LBJ Orders Troops to Do “Wallace’s Job”
- joearubenstein
- Mar 20
- 2 min read
Mar. 20, 1965 - President Johnson moved swiftly today in the pre-dawn hours and called up nearly 4,000 troops to protect participants in the Selma-to-Montgomery civil rights march tomorrow.
The President followed his mobilization of National Guard and regular forces with a statement strongly critical of Governor George Wallace of Alabama. He read to a televised news conference in the yard of his ranch home a message he had sent to the Governor.
His message said that responsibility for law and order properly rested with state and local governments.

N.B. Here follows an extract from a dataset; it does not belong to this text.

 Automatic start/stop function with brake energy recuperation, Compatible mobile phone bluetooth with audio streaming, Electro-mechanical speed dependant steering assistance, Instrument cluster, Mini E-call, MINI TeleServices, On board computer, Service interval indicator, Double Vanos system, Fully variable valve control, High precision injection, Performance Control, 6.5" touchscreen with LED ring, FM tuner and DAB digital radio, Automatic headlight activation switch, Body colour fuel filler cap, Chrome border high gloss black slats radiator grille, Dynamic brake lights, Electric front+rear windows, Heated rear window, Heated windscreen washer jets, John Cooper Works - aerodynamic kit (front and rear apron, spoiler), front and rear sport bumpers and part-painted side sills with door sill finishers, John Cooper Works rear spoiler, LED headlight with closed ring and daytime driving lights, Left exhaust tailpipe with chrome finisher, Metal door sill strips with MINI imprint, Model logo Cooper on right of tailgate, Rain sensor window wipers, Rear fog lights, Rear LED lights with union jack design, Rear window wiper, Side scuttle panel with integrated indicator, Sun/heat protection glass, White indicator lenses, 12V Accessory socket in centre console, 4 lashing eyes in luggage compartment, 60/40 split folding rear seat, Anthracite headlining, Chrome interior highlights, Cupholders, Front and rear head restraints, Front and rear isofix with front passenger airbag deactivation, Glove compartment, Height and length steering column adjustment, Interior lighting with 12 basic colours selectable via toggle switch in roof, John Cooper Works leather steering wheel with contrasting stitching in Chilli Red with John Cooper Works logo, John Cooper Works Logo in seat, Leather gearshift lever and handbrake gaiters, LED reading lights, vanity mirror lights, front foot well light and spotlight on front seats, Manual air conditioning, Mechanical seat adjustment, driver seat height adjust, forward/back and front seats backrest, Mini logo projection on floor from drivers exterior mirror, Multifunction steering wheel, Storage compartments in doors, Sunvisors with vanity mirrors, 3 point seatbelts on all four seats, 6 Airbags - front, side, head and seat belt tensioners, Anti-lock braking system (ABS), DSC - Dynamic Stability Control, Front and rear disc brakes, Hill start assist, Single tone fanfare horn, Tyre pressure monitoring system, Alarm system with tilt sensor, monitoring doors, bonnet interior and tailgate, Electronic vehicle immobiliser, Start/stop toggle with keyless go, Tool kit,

“On the basis of your public statements and your discussions with me, I thought that you felt strongly about this and had indicated you would take all necessary action in this regard,” the President told the Governor. “I was surprised, therefore, when in your telegram of Thursday you requested Federal assistance in the performance of such fundamental duties.
“Even more surprising was your telegram of yesterday stating that both you and the Alabama Legislature, because of monetary considerations, believed that the state is unable to protect American citizens and to maintain peace and order in a responsible manner without Federal forces.”
The President said he had ordered moved to the critical area 1,863 federalized troops selected from units of the Alabama National Guard. In addition, he said, 500 men of military police units drawn from the Regular Army were stationed at Maxwell Air Force Base in Montgomery and 509 similar troops at Craig Field near Selma.
The latter is the starting point and the former the terminus of a 50-mile civil rights march to protest vote discrimination, to begin tomorrow.
Johnson told his news conference he had also stationed 100 FBI agents at the potential trouble scene in Alabama, together with 75 to 100 U.S marshals, with more to follow.